Store tx byte location (TxLoc: offset + length within raw block) in the tx index 't' entry value, which was previously nil. This enables O(1) tx lookup by jumping directly to the tx's bytes in the raw block — no scanning, no SHA256 hashing, no full block deserialization.

Depends on #1051 (lazy block reader).

Problem

Every tx lookup via BlockHashByTxId requires a subsequent full block deserialization to find the tx. The 't' entry value was nil — wasted space that could carry the byte offset.

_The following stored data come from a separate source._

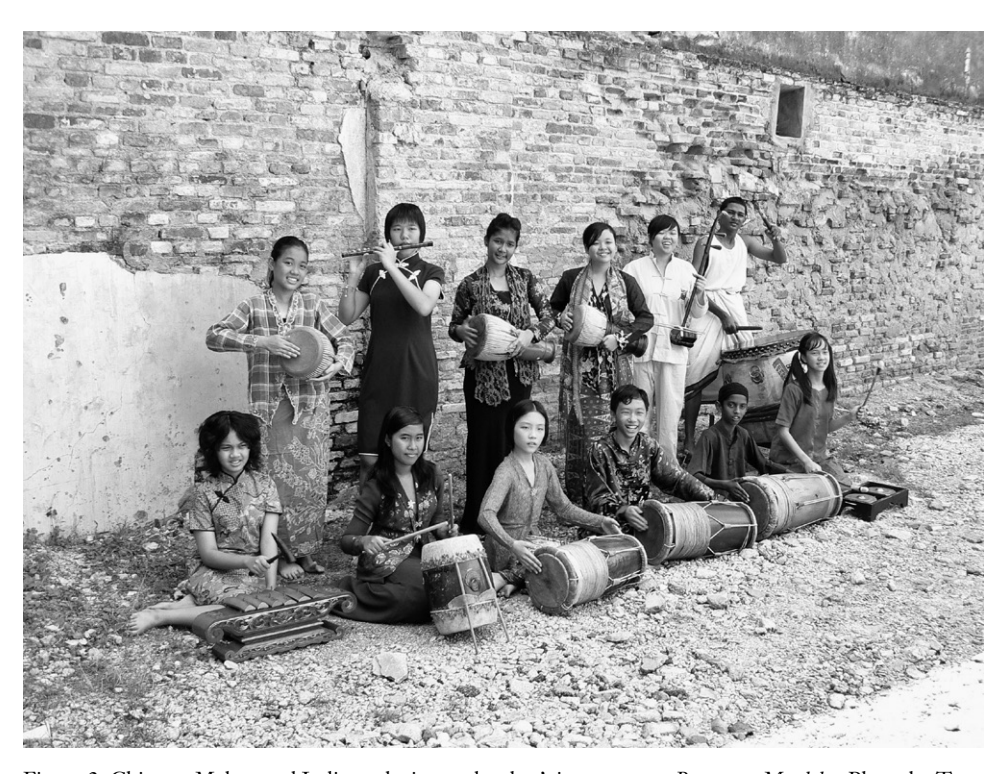
Figure 2: Chinese, Malays and Indians playing each other's instruments, Ronggeng Merdeka . Photo by Tan Sooi Beng, 2007.

King Street, Queen Street, Campbell Street, Victoria Street.
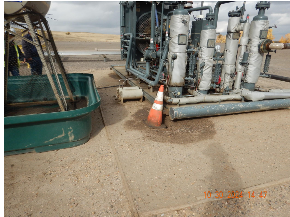
Photo 14. Photo taken from the production facility area. See comments under Photo 13.
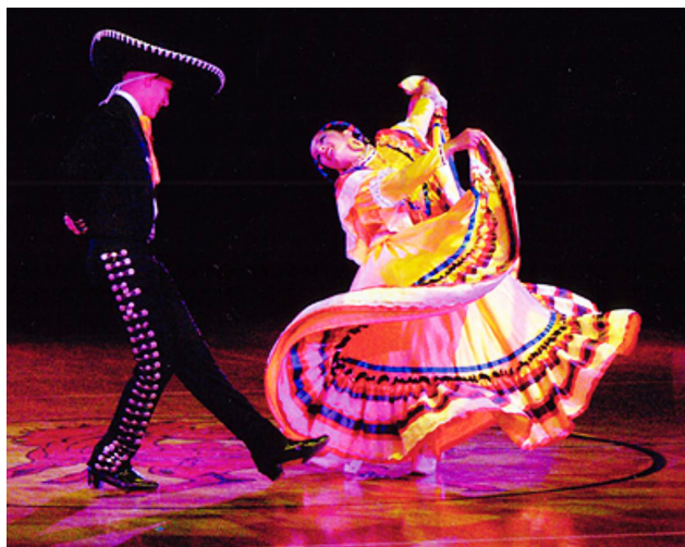
EL Ballet Folklórico de James Logan High School.

Save the Date – May 17th “Summertime Fiesta” Take your wife or a friend to lunch
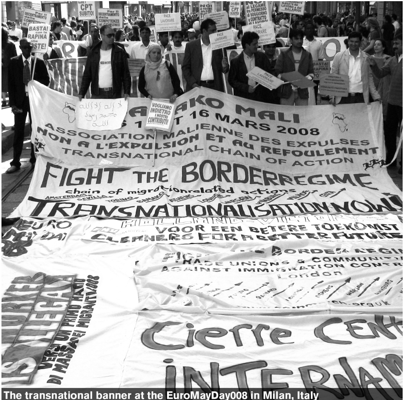
The transnational banner at the EuroMayDay08 in Milan, Italy

More information on the ESF at: www.esf2008.org
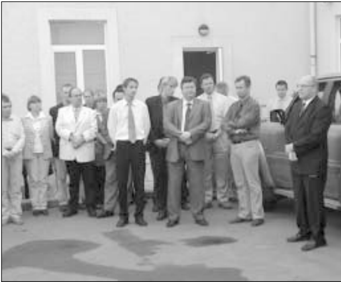
Staff of UN Country Team in the Russian Federation: UNFPA, UNDP, UNODC and WHO observes the minute of silence in memory of the victims
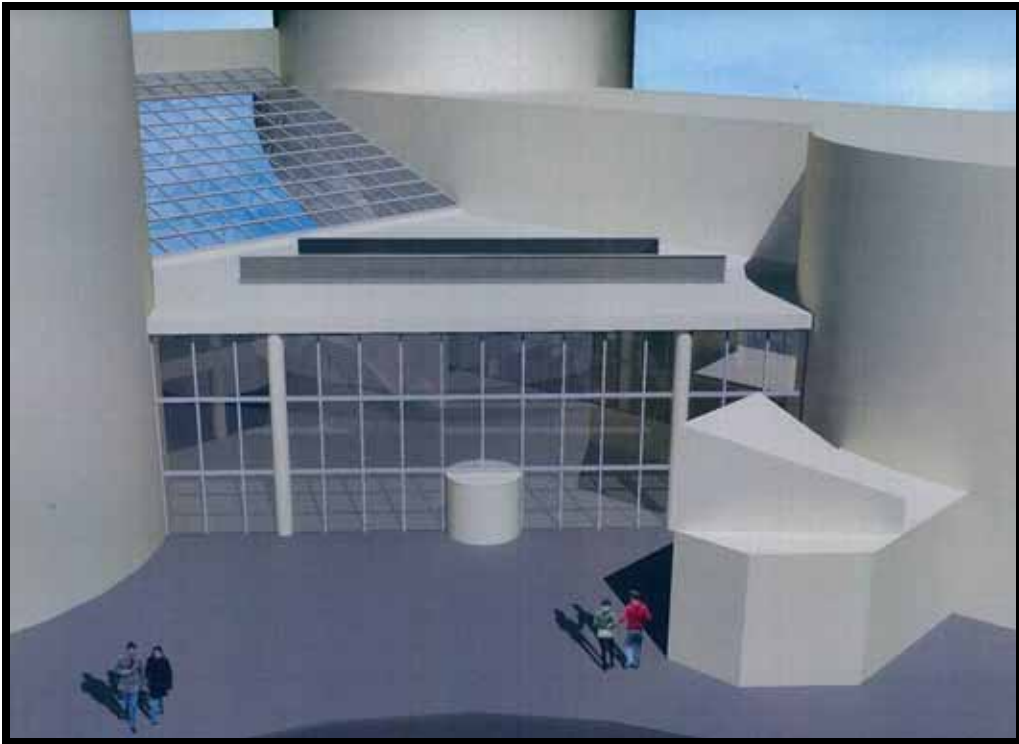
Proposed entrance to Z.J. Loussac Library from ground level. Designed by USKH.
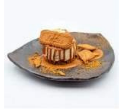
BISCOFF CHEESECAKE CARAMEL VANILLA CHEESECAKE WITH LOTUS PIECES TOPPED WITH BISCOFF GLAZE £10

CPU profile shows 60% in SHA256 hashing from FindTx scanning every tx in the block to find a match.

Solution

  • BlockHashByTxId signature changed to return (*chainhash.Hash, wire.TxLoc, error) — all callers updated
  • processTxs now calls block.TxLoc() and stores offset+length via NewTxMappingWithLoc
  • BlockTxUpdate uses stack-allocated reusable buffers instead of slicing loop variables (addresses potential data integrity issue documented in tbc: tx index intermittently loses entries during IBD #1050)
  • All consumers wired to use TxLoc when available, with legacy fallback for nil values:
    • TxById (RPC) — deserializes only the target tx
    • txOutFromOutPoint (UTXO unwind) — deserializes only the target tx
    • handleBlockHashByTxIdRequest (RPC) — hash only, ignores TxLoc
    • hemictl — hash only, ignores TxLoc
  • DB version 5 → 6, upgrade wipes tx index for rebuild with TxLoc values
  • Errors from block.TxLoc() logged at Errorf, falls back to nil values

Testing

  • TestDbUpgradeV6 — seeds v5 DB, runs upgrade, verifies index wiped and version bumped
  • TestTxLocRoundTrip — stores TxLoc, reads back, verifies offset+length match
  • TestTxLocOffsetCorrectness — stores raw block, uses offset to extract tx bytes, deserializes, verifies txid and output values match
  • TestTxLocLegacyNilValue — nil-value entry returns zero TxLoc gracefully

Impact

With TxLoc, each cache miss costs: 1 LevelDB read (tx index) + 1 LevelDB/cache read (raw block) + parse ~200 bytes of one tx. No full block deserialization. No SHA256 scanning. Eliminates the need for parallel lookup strategies.

Related

Files changed

  • database/tbcd/database.goBlockHashByTxId returns TxLoc, NewTxMappingWithLoc
  • database/tbcd/level/level.go — implementation, stack buffers, DB v6
  • database/tbcd/level/level_test.go — 4 new tests
  • database/tbcd/level/upgrade.gov6() wipes tx index
  • service/tbc/txindex.go — stores TxLoc
  • service/tbc/tbc.goTxById uses TxLoc
  • service/tbc/utxoindex.gotxOutFromOutPoint uses TxLoc
  • service/tbc/rpc.go — caller updated
  • service/tbc/cpfp_test.go — stub updated
  • service/tbc/tbc_test.go — version expectations updated
  • cmd/hemictl/hemictl.go — caller updated

@marcopeereboom marcopeereboom requested a review from a team as a code owner May 29, 2026 07:10
BlockByHash calls btcutil.NewBlockFromBytes on every read, eagerly
deserializing the entire block into heap objects. Callers needing
one tx pay for all txs. CPU profiles show 50% GC pressure from this.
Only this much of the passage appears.